Figure 8 illustrates that the UAV and UGV systems achieve stable velocity consistency errors in the Y-direction $t=10\hspace{0.17em}\mathrm{s}$ under the optimal fault-tolerant consistency algorithm. Figure 9 shows that using the consistency control algorithm from reference [29], the UAV and UGV systems achieve stable velocity states in the Y-direction $40\le t\le 45$.

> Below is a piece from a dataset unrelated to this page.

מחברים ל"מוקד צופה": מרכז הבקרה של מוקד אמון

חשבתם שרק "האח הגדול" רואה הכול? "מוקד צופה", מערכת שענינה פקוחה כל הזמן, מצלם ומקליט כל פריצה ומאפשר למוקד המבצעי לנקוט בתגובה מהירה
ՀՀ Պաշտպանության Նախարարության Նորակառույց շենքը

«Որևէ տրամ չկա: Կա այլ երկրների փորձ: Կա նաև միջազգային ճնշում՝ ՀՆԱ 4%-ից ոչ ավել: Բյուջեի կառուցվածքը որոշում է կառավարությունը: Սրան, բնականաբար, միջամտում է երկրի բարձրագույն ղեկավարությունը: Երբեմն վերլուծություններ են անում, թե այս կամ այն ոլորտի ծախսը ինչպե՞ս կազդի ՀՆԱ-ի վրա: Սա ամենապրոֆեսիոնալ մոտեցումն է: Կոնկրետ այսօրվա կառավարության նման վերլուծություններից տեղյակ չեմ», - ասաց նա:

Figure 10 displays the stabilization of position consistency error in the Z-direction for the UAV system $t=10\hspace{0.17em}\mathrm{s}$ under the optimal fault-tolerant consistency algorithm. The consistency algorithm presented in Reference [29] is designed only for the UAV and UGV systems in the XY plane, thus not considering the velocity state in the Z-direction.

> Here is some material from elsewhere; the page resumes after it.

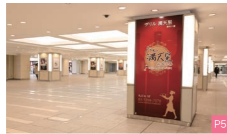
★東京駅前地下広場

Figure 11 and Figure 12 show that Figure 11 depicts the stabilization of the roll angle, yaw angle, pitch angle, and their corresponding angular velocities of the UAV system under the optimal fault-tolerant consistency protocol $5\le t\le 10$. Figure 12 illustrates the stabilization of the roll angle, yaw angle, and their corresponding angular velocities of the UAV under the algorithm proposed in Reference [29] $t=20\hspace{0.17em}\mathrm{s}$. It also demonstrates the optimal fault-tolerant consistency algorithm’s superiority, considering actuator faults. This algorithm enables heterogeneous multi-agent systems to achieve quicker consistency in the presence of faults, reducing the time required to complete tasks.

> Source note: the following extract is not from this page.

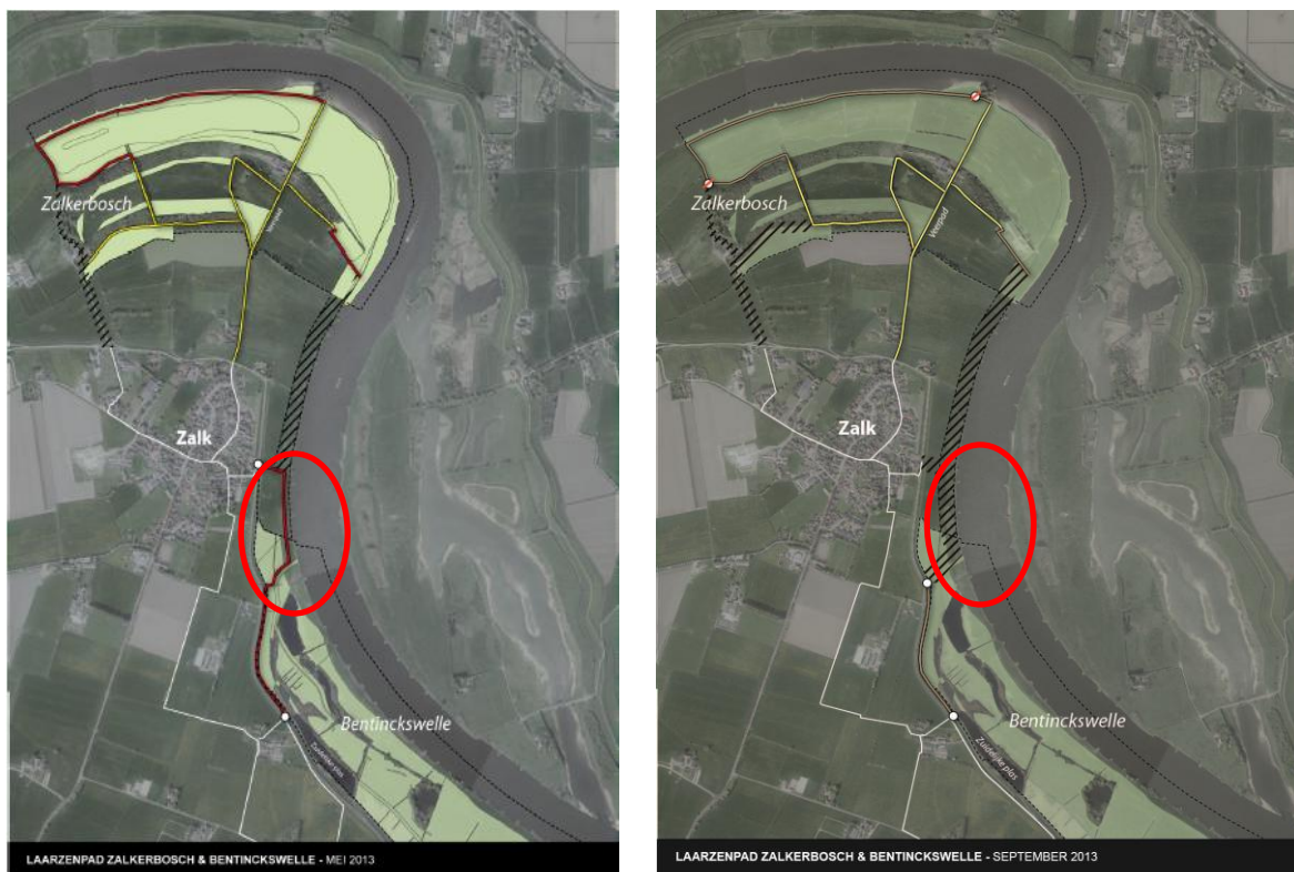
Rood omcirkeld het gedeelte van het laarzenpad dat is vervallen uit de ontwerpvergunning (links) en zoals dat nu in de definitieve vergunning staat (rechts).

Gevolg voor besluit: Het wandelpad in het zuiden van Zalkerbosch, voor zover in strijd met het bestemmingsplan, is uit de Omgevingsvergunning, de Ffontheffing en de Nbwet van de provincie Overijssel gehaald. Ook is dit wandelpad uit de bijlage Kaart uiterwaardmaatregelen Beneden-IJssel (bij diverse besluiten) verwijderd.

We plot the state trajectory of all UAVs and UGVs in this leader–following heterogeneous multi-agent system, as shown in Figure 13. The experimental outcomes show that the states of all following UAVs and UGVs converge to the leader’s position and velocity. This further demonstrates the efficiency and feasibility of the algorithm (31) and (33).

5. Conclusions

This paper analyzes the dynamic models of uncrewed aerial vehicles and uncrewed ground vehicles to establish a heterogeneous system. Firstly, we build upon the communication topology of heterogeneous multi-agent systems. The fault-tolerant consensus control problem of the leader–follower multi-agent system under actuator partial failure is introduced. Based on the Euler-Lagrange equations, performance index functions are defined for each following UGV and UAV. Then, the optimal fault-tolerant consensus controller capable of handling actuator partial failure is obtained through optimization theory, and the proposed algorithm’s stability is demonstrated using Lyapunov stability theory. Finally, MATLAB simulation experiments further corroborate the efficacy of the proposed algorithm. The algorithm ensures that UAVs and UGVs eventually converge to the leader’s position and velocity. In the next step, the research will focus on the collaborative control of heterogeneous multi-agent systems, integrated with fault-tolerant mechanisms, and the theoretical results will be applied to engineering practice.